Neuroscientist and spinal cord researcher Dr. Wise Young  answered this question at the CareCure forum, and reposted his thoughts on his blog dedicated for postings from the forum.

Dr. Young believes there will come a day when a combination of cures will be developed.

“there are many reasons to be optimistic that there will be not just one but many “cures” for spinal cord injury.  I defined a cure as a treatment that would make it so that an observer who did not know you wouldn’t be able to tell that you have spinal cord injury.  I believe that there will be a cure because much data indicate that the spinal cord can regenerate and many therapies restore function in animal studies.  One or more of these will be shown to be successful in people in the coming years, hopefully sooner rather than later.”

Having an administration that is pro-embryonic stem cell research, should also help stimulate new discoveries.

“For nearly 8 years, the Bush Administration has suppressed not only embryonic stem cell (ESC) research but all stem cell research.  Last year, for example, NIH funded only $600 million of stem cell research, i.e. $300 million for animal stem cells, $260 million for human adult stem cells, and $40 million for human ESC.  The total NIH budget was about $30 billion in 2007.  So, even though stem cells are widely acknowledged by scientists to be the most important biomedical advance of the decade, the NIH spent only 2% of its budget on all of stem cell research, only 1% on human stem cells, and less than 0.2% on human ESC research.  The Obama Administration will lift these restrictions and strongly encourage stem cell research.”

Will there be a cure for Spinal Cord Injury?  The solution is getting much closer. We wait for the Geron human trials to begin, which will be the first of their kind for the U.S., and anticipate more to follow.

I was told when I was injured in 1994, that a cure was five years away.  Those optomists were a little off.  Timelines are tough.  I do believe though, I’ll see a cure for sci within ten years.  We’ll see

‘I have been doing spinal cord injury research for 30 years. The first half of my career was spent on developing treatments for acute spinal cord injury and the last half has been on regenerating the spinal cord. When I first started in the field, doctors and scientists were very pessimistic. Most of my time and effort was spent trying to convince them that something can work. The second half has been different. The 1990′s was the decade of the spinal cord. Scientists became convinced that the spinal cord can regenerate. Doctors are not yet convinced but most of them are not in touch with the latest research in the area. However, people in the spinal cord injury community heard about the therapies, particularly stem cell therapies.
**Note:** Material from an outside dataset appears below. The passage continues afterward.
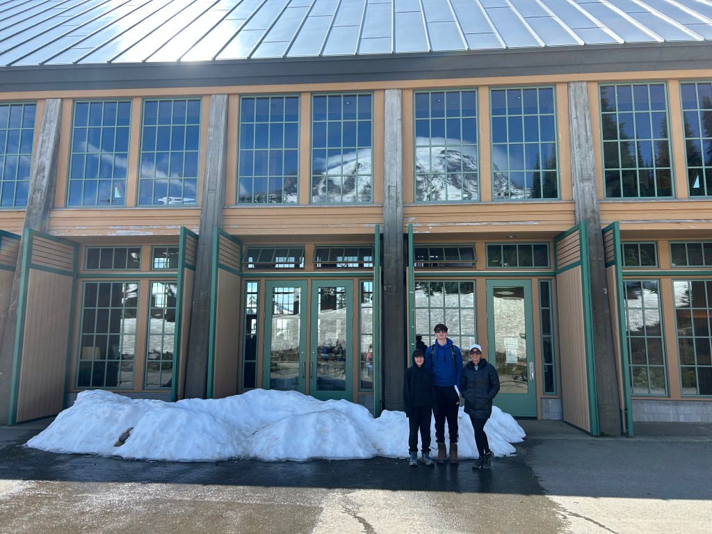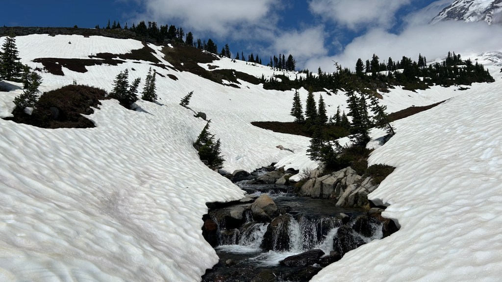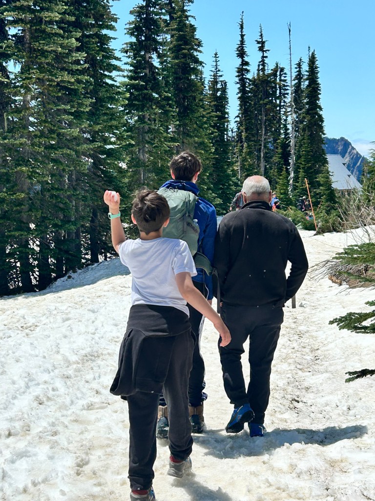 We drove in fully expecting a leisurely hike up the mountain, but what we found when we arrived at the visitor center at the bottom of the mountain was trails fully covered with a couple of feet of snow. What was supposed to be a hike quickly turned into a snowball fight! We hiked the Myrtle Falls trail, a one-mile round trip made difficult by the snow-covered ground.

In the past decade, since 1997, many clinics, such as those in Mexico, China, Bahamas, Portugal, and India began advertising stem cell therapies for spinal cord injury. They charge about US$20,000-$30,000 for unproven therapy. People flocked to these clinics, often not knowing what they are getting. These places do not publish their work. Some do not even bother to get followup studies on the patients. Many have invented some kind of repeat procedure in order to get the patients to come back to the hospital and so that they can charge more for the therapies. When asked to provide details about the treatment, these places are reluctant to provide the information. These are pathognomonic signs of a scam.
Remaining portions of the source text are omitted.